:: Information supplied ::
+ + + +
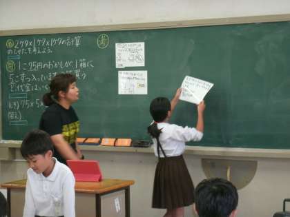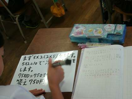 「1個75円のお菓子が、ひと箱に5個ずつ入っています。2箱買うと代金はいくらになりますか。』という問題の計算の仕方を考えていました。
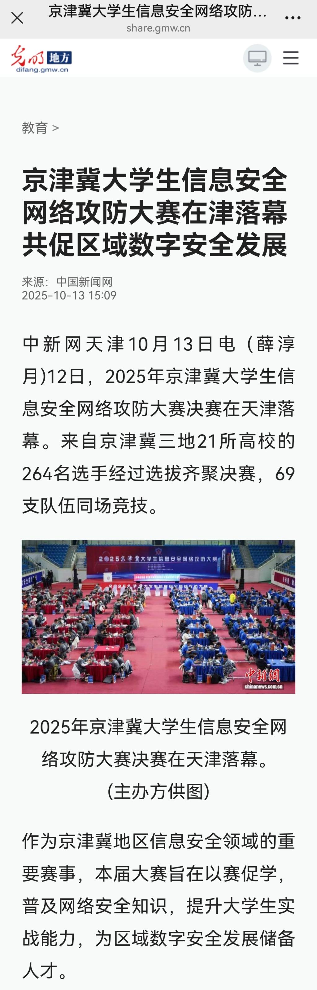 10月12日,由天津市教委主办、天津市大学软件学院承办的2025年京津冀大学生信息安全网络攻防大赛决赛圆满落下帷幕。光明网以《京津冀大学生信息安全网络攻防大赛在津落幕 共促区域数字安全发展》为题进行了报道。
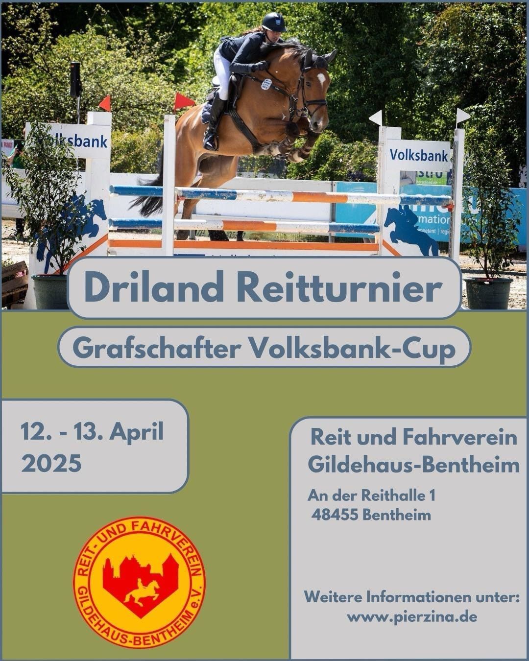 Gildehaus, 20. Maerz. Die Vorbereitungen laufen auf Hochtouren, denn am 12. und 13. April 2025 findet in Gildehaus das mit Spannung erwartete Reitturnier statt. Das diesjaehrige Driland-Turnier wird am Palmsonntag-Wochenende auf dem großen Reitplatz an der Reithalle ausgetragen. „Wir freuen uns sehr, in diesem Jahr wieder das Driland Turnier und den Volksbank Cup auszurichten“, sagt die Geschäftsführerin des Reit- und Fahrvereins Gildehaus, Leonie Tangenberg. „Unser Organisationsteam ist mit Herzblut bei den Vorbereitungen und wir freuen uns auf ein vielfältiges Springturnier.“ Das Turnier verspricht ein abwechslungsreiches Programm mit zahlreichen Wettbewerben für Reiterinnen und Reiter aller Leistungsklassen. Wer an den Wettbewerben teilnehmen möchte, findet alle nötigen Informationen auf der Webseite des Turnierservice‘ Pierzina unter www.pierzina.de. Hier sind die Ausschreibungen, Zeitpläne und Anmeldeformulare zu finden. Nennungsschluss ist Mittwoch, der 26. März. Der Reit- und Fahrverein Gildehaus lädt alle Reitsportbegeisterten herzlich ein, dieses besondere Ereignis zu besuchen und die spannenden Wettkämpfe mitzuerleben. Für das leibliche Wohl der Besucher ist selbstverständlich gesorgt.
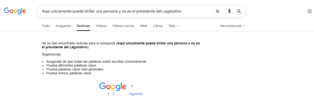 A su vez, para comprobar que no ha existido un reporte de otro medio de comunicación al respecto, se colocó la misma frase del post de Facebook, pero no se encontró ningún tipo de publicación o supuesta declaración de Noboa.
+ + + +
:: Work request ::
Write out each line again, exactly as it appears above, except for any picture.

:: Answer for the task ::
 「1個75円のお菓子が、ひと箱に5個ずつ入っています。2箱買うと代金はいくらになりますか。』という問題の計算の仕方を考えていました。
 10月12日,由天津市教委主办、天津市大学软件学院承办的2025年京津冀大学生信息安全网络攻防大赛决赛圆满落下帷幕。光明网以《京津冀大学生信息安全网络攻防大赛在津落幕 共促区域数字安全发展》为题进行了报道。
 Gildehaus, 20. Maerz. Die Vorbereitungen laufen auf Hochtouren, denn am 12. und 13. April 2025 findet in Gildehaus das mit Spannung erwartete Reitturnier statt. Das diesjaehrige Driland-Turnier wird am Palmsonntag-Wochenende auf dem großen Reitplatz an der Reithalle ausgetragen. „Wir freuen uns sehr, in diesem Jahr wieder das Driland Turnier und den Volksbank Cup auszurichten“, sagt die Geschäftsführerin des Reit- und Fahrvereins Gildehaus, Leonie Tangenberg. „Unser Organisationsteam ist mit Herzblut bei den Vorbereitungen und wir freuen uns auf ein vielfältiges Springturnier.“ Das Turnier verspricht ein abwechslungsreiches Programm mit zahlreichen Wettbewerben für Reiterinnen und Reiter aller Leistungsklassen. Wer an den Wettbewerben teilnehmen möchte, findet alle nötigen Informationen auf der Webseite des Turnierservice‘ Pierzina unter www.pierzina.de. Hier sind die Ausschreibungen, Zeitpläne und Anmeldeformulare zu finden. Nennungsschluss ist Mittwoch, der 26. März. Der Reit- und Fahrverein Gildehaus lädt alle Reitsportbegeisterten herzlich ein, dieses besondere Ereignis zu besuchen und die spannenden Wettkämpfe mitzuerleben. Für das leibliche Wohl der Besucher ist selbstverständlich gesorgt.
 A su vez, para comprobar que no ha existido un reporte de otro medio de comunicación al respecto, se colocó la misma frase del post de Facebook, pero no se encontró ningún tipo de publicación o supuesta declaración de Noboa.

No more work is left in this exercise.